1. Creating the Main Workflow

  1. Create a main workflow that includes one module called FASTP.
  2. Define a channel to store FASTQ information from the file specified in params.input_file. This channel should include the part column from the TSV, which acts as a row counter / FASTQ set ID. The final channel, when using .view(), should look like this:

    groovy [sample_1, 1, /project/nextflow_zero2hero/data/NA12878/fastq/sample1/chunks/reads_R1.part_001.fastq, /project/nextflow_zero2hero/data/NA12878/fastq/sample1/chunks/reads_R2.part_001.fastq] [sample_1, 2, /project/nextflow_zero2hero/data/NA12878/fastq/sample1/chunks/reads_R1.part_002.fastq, /project/nextflow_zero2hero/data/NA12878/fastq/sample1/chunks/reads_R2.part_002.fastq] [sample_1, 3, /project/nextflow_zero2hero/data/NA12878/fastq/sample1/chunks/reads_R1.part_003.fastq, /project/nextflow_zero2hero/data/NA12878/fastq/sample1/chunks/reads_R2.part_003.fastq] [sample_2, 1, /project/nextflow_zero2hero/data/NA12878/fastq/sample2/chunks/reads_R1.part_003.fastq, /project/nextflow_zero2hero/data/NA12878/fastq/sample2/chunks/reads_R2.part_003.fastq]

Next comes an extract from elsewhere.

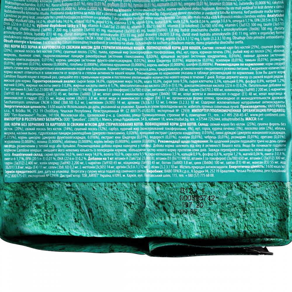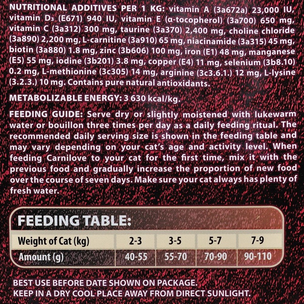 Коти — унікальні та незалежні тварини, які люблять м’ясо. Вони справжні хижаки і їхній спосіб життя визначається сильним мисливським інстинктом.Carnilove Fresh Carp & Trout створено з повагою до законів природи, забезпечуючи вашого кота збалансованим харчуванням, багатим рибою та морепродуктами у поєднанні з різноманітними овочами, ягодами та травами. Мінеральні речовини, які містяться в кормі, підтримують нормальну роботу нирок і сечовивідної системи, а натуральні антиоксиданти, отримані з фруктів і трав, мають очищаючі та протизапальні властивості. Повернення до природного раціону допомагає підтримувати стерилізованих котів у відмінній фізичній формі.Склад: свіжий короп (25%), сушена форель (20%), гідролізований лосось (14%), сушений лосось (12%), гарбуз, курячий жир (консервований токоферолами, 4%), нут, горох, куряча печінка (3%), лососева олія (2%), яблука, морква, насіння льону, гідролізовані панцири ракоподібних (джерело глюкозаміну, 0,026%), хрящовий екстракт (джерело хондроїтину, 0.016%), пивні дріжджі (джерело мананоолігосахаридів, 0.015%), корінь цикорію (джерело фруктоолігосхридів, 0.016%), екстракт юки Шидігера (0,01%), водорості (0,01%), псиліум (0,01%), чебрець (0,01%), розмарин (0,01%), орегано (0,01%), журавлина (0,0008%), лохина (0,0008%), обліпиха (0,0008%), корінь імбиру (0,0008%), шавлія (0,0008%).Харчові добавки на 1 кг:вітамін А (3a672a) 23,000 I.U., вітамін D3 (3a671) 940 I.U., вітамін E (3a700) 650 мг, вітамін C (3a312) 300 мг, таурін (3a312) 2,400 мг, холін хлорид (3a890) 2,200 мг, L-карнітин (3a910) 65 мг, ніацинамід (3a910) 45 мг, біотин (3a880) 1.8 мг, цинк (3b606) 100 мг, залізо (3b106) 48 мг, манган (3b504) 55 мг, йод (3b201) 3.8 мг, мідь (3b406) 11 мг, селен (3b810) 0,2 мг, L-метіонін (3c305) 14 мг, аргінін (3c3.6.1.) 12 мг, L-лізин (3.2.3.) 10 мг.Аналітичний склад на 1 кг:сирий протеїн 34,0 %, вміст жиру 14,0 %, волога 10,0 %, сира зола 9,5 %, сира клітковина 3,5 %, кальцій 0,9 %, фосфор 0,8 %, натрій 1,2 %, магній 0,04 %, омега-3 0,8 %, омега-6 1,7 %, EPA (20:5 n-3) 0,01 %, DHA (22:6 n-3) 0,2 %.Калорійність:3 630 ккал/кгВага кота (кг)2-33-55-77-9Добова норма (г)35-5050-6565-8585-95

    This channel will serve as the sole input for the FASTP module.


2. Creating the FASTP Module

  1. Create a module called FASTP that:
  2. Takes as input a tuple with the structure shown above.
  3. Outputs two tuples: - First tuple: Contains sample_id, ${sample_id}_${fastq_R1_basename}-${fastq_set_id}-qced.fastq.gz, ${sample_id}_${fastq_R2_basename}-${fastq_set_id}-qced.fastq.gz. - Second tuple: Contains log and HTML files (not used for now).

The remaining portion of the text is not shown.